WORK TASK:
Write the listing out again exactly as it stands, with no images.

RECORDED INFORMATION:
»»

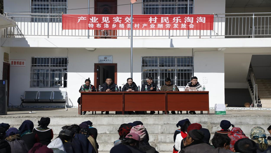 2022年2月10日,昭觉县特布洛乡格吾村充满喜气洋洋氛围——今天是格吾村举行的2022年42万产业发展酬劳发放大会,随着主持人的点名领取产业酬劳,大红票儿进腰包,村民脸上洋溢着开心满足的笑容。
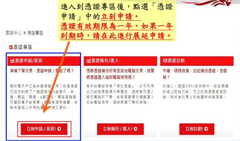 請至官網「憑證專區」下載交易憑證,電腦才能下單!
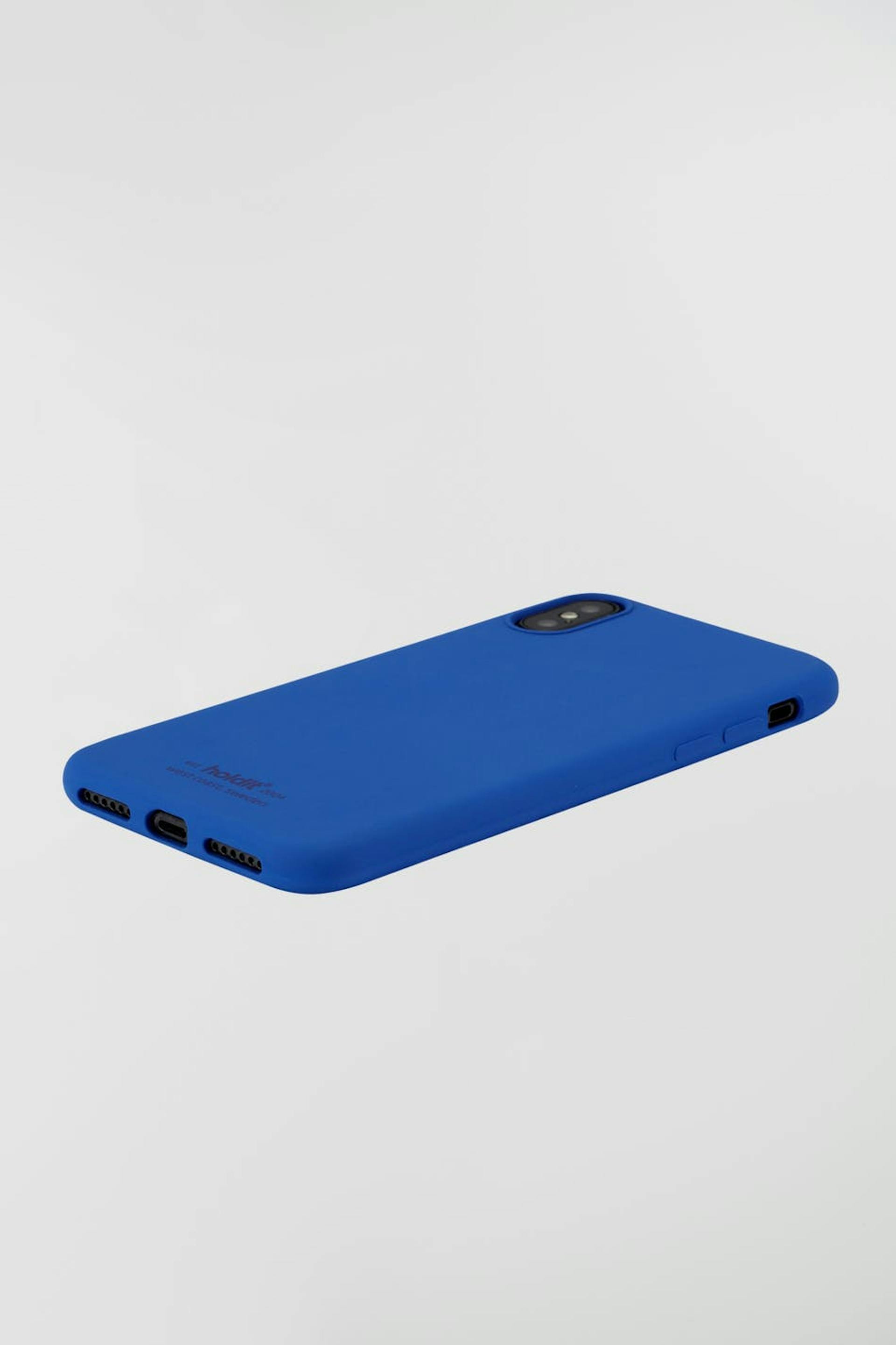 Älypuhelimen suojakuori Holdit-tuotemerkiltä. Älypuhelimen suojakuori on sininen. Se valmistetaan silikonista. iPhone X/XS.
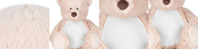 Mid Brown coloured soft plush teddy. Contrast Brown nose. Sewn eyes. Light Brown coloured panel on chest and feet. Zip details on the base of the bear for direct access onto the tummy for embroidery. Removable inner stuffing. Complies with EN71 European Toy Safety regulations. Remove all hang tags and their fasteners before giving these items to a child. Suitable for children of all ages.
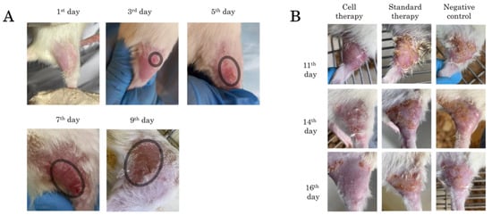 - Skin samples of animals with radiation-induced skin wounds at the time of wet epidermitis development;
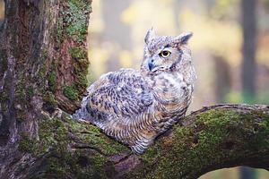 This image features a Great Horned Owl relaxing on a tree in a forest in Howell, Michigan, USA. This rescued owl, named Archimedes, is a wildlife ambassador resident at the Howell Nature Center.
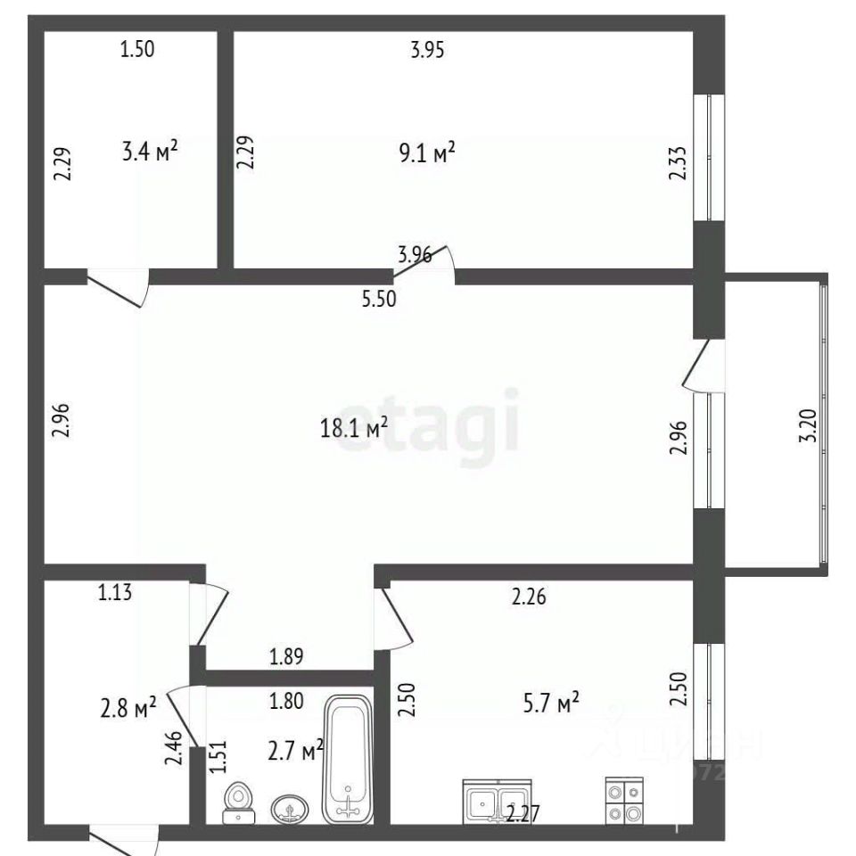 5,7 м²
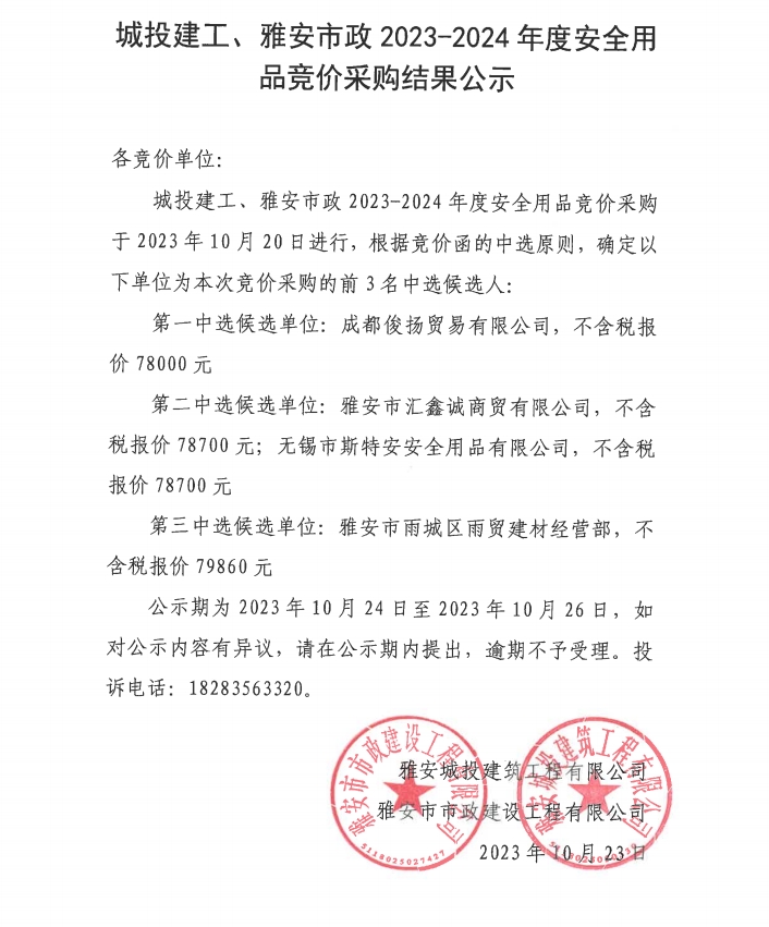 城投建工、雅安市政2023-2024年度安全用品采購結(jié)果公示
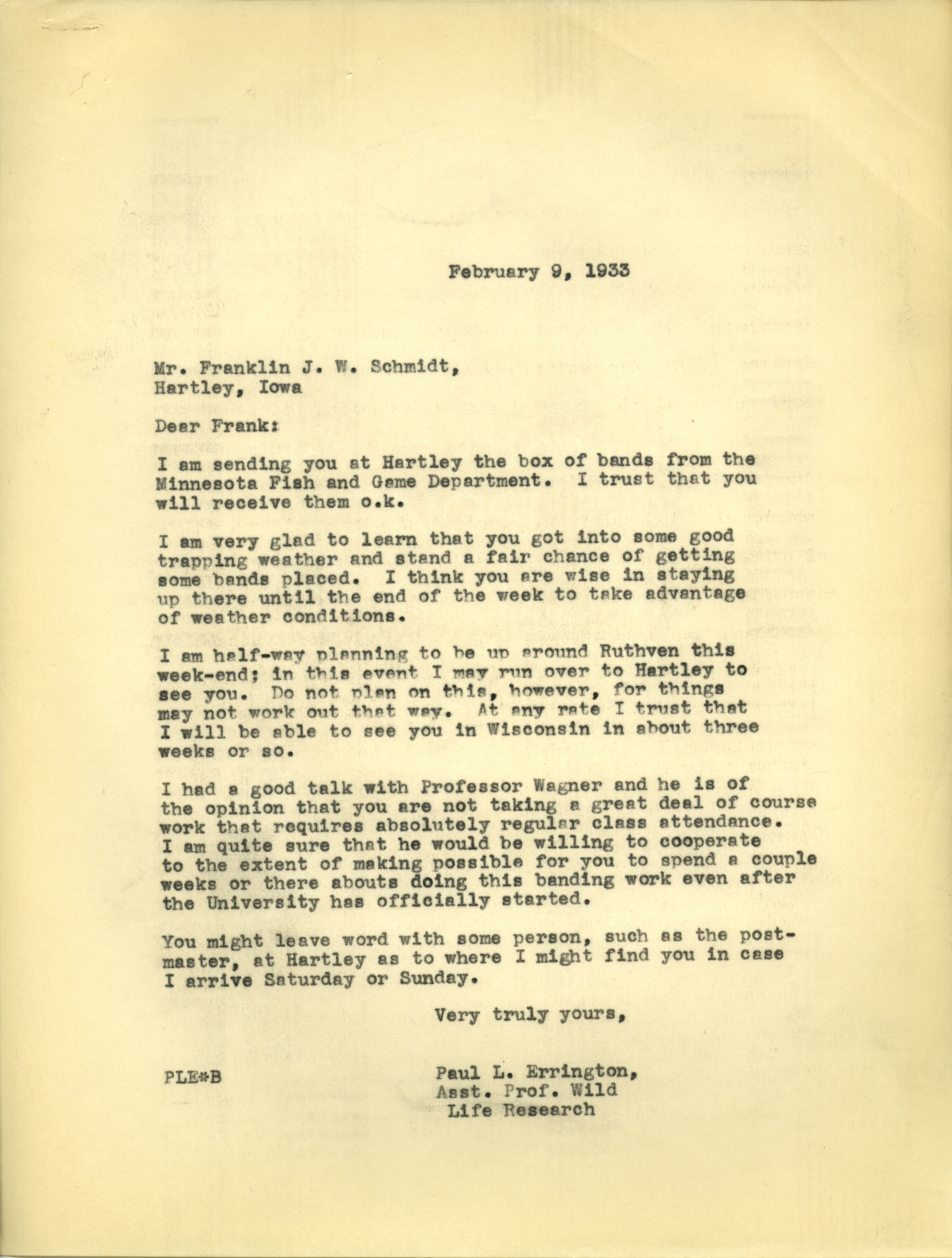 - Paul L. Errington letter 1, February 9, 1933

««

ANSWER TO THIS EXERCISE:
 2022年2月10日,昭觉县特布洛乡格吾村充满喜气洋洋氛围——今天是格吾村举行的2022年42万产业发展酬劳发放大会,随着主持人的点名领取产业酬劳,大红票儿进腰包,村民脸上洋溢着开心满足的笑容。
 請至官網「憑證專區」下載交易憑證,電腦才能下單!
 Älypuhelimen suojakuori Holdit-tuotemerkiltä. Älypuhelimen suojakuori on sininen. Se valmistetaan silikonista. iPhone X/XS.
 Mid Brown coloured soft plush teddy. Contrast Brown nose. Sewn eyes. Light Brown coloured panel on chest and feet. Zip details on the base of the bear for direct access onto the tummy for embroidery. Removable inner stuffing. Complies with EN71 European Toy Safety regulations. Remove all hang tags and their fasteners before giving these items to a child. Suitable for children of all ages.
 - Skin samples of animals with radiation-induced skin wounds at the time of wet epidermitis development;
 This image features a Great Horned Owl relaxing on a tree in a forest in Howell, Michigan, USA. This rescued owl, named Archimedes, is a wildlife ambassador resident at the Howell Nature Center.
 5,7 м²
 城投建工、雅安市政2023-2024年度安全用品采購結(jié)果公示
 - Paul L. Errington letter 1, February 9, 1933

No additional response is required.